#### PROVIDED MATERIAL

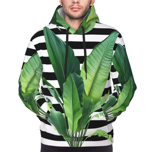 Men'S Hoodies Pullover Green Palm Leaf Print Hooded Sweatshirt Long Sleeve Hoodie Casual Tops With Pocket
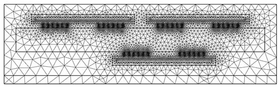As illustrated in Figure 4, the model of the device is meshed, in which the physics-controlled mesh is selected as the sequence type and the mesh size is fine so as to balance the calculation speed and accuracy.
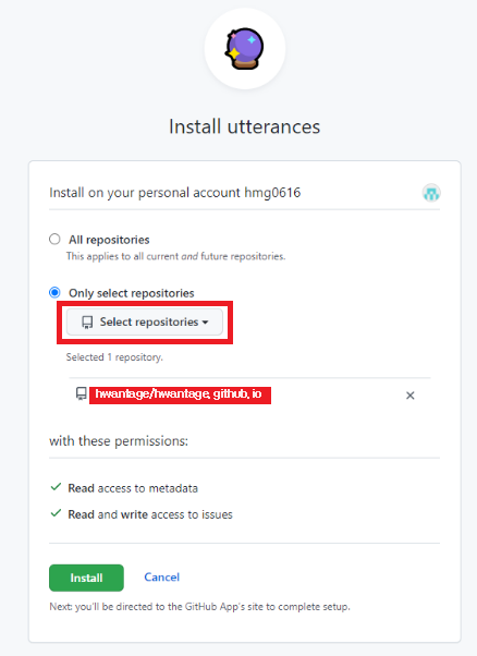 이후 등장하는 화면에서 블로그를 운영중인 repository를 선택하세요.
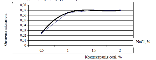 Рисунок 3 – Залежність інтенсивності забарвлення розчинів барвника від концентрації солі в них
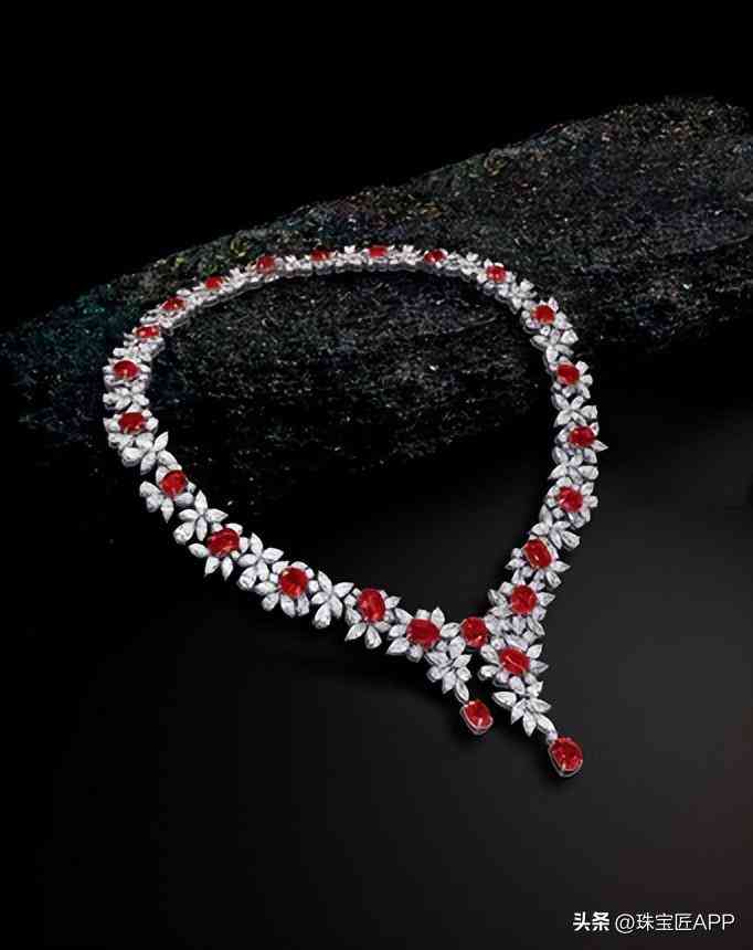 這條項(xiàng)鏈長(zhǎng)度為43.5cm,上面共鑲嵌有25顆總重50.24克拉的枕型緬甸鴿血紅紅寶石,晶體透凈,其中最大的一顆重3.11克拉,周?chē)c(diǎn)綴有65.30克拉的圓形明亮式切割、梨形和馬眼形鉆石,附兩張古柏林證書(shū);
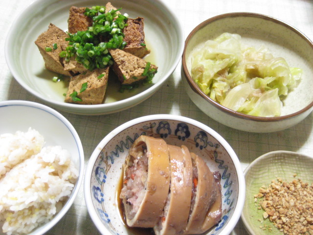 イカめしはこの間もらったものの残り。大根と天ぷらの煮物は冷凍ストック品の大根を使って。これ、火をある程度入れたものを冷凍しているので、煮物を作る際に通常よりも短時間で出来るし、何よりも一旦凍らせることで味を含みやすくなるので、かなり重宝です。生の大根を長い間放置して、すができてしまったり、腐らせてしまうなどで無駄にせずに済むので、一石三鳥くらいのメリットはあるかと思いますよ。
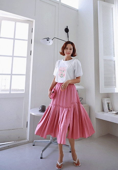 입체주름 롱스커트

########

_DIRECTIONS FOR THIS TASK_.
Lines from the one containing "這條項(xiàng)鏈長(z" through the final line of the entries above are to be retyped exactly, with every picture left out.

_WRITTEN SOLUTION_.
 這條項(xiàng)鏈長(zhǎng)度為43.5cm,上面共鑲嵌有25顆總重50.24克拉的枕型緬甸鴿血紅紅寶石,晶體透凈,其中最大的一顆重3.11克拉,周?chē)c(diǎn)綴有65.30克拉的圓形明亮式切割、梨形和馬眼形鉆石,附兩張古柏林證書(shū);
 イカめしはこの間もらったものの残り。大根と天ぷらの煮物は冷凍ストック品の大根を使って。これ、火をある程度入れたものを冷凍しているので、煮物を作る際に通常よりも短時間で出来るし、何よりも一旦凍らせることで味を含みやすくなるので、かなり重宝です。生の大根を長い間放置して、すができてしまったり、腐らせてしまうなどで無駄にせずに済むので、一石三鳥くらいのメリットはあるかと思いますよ。
 입체주름 롱스커트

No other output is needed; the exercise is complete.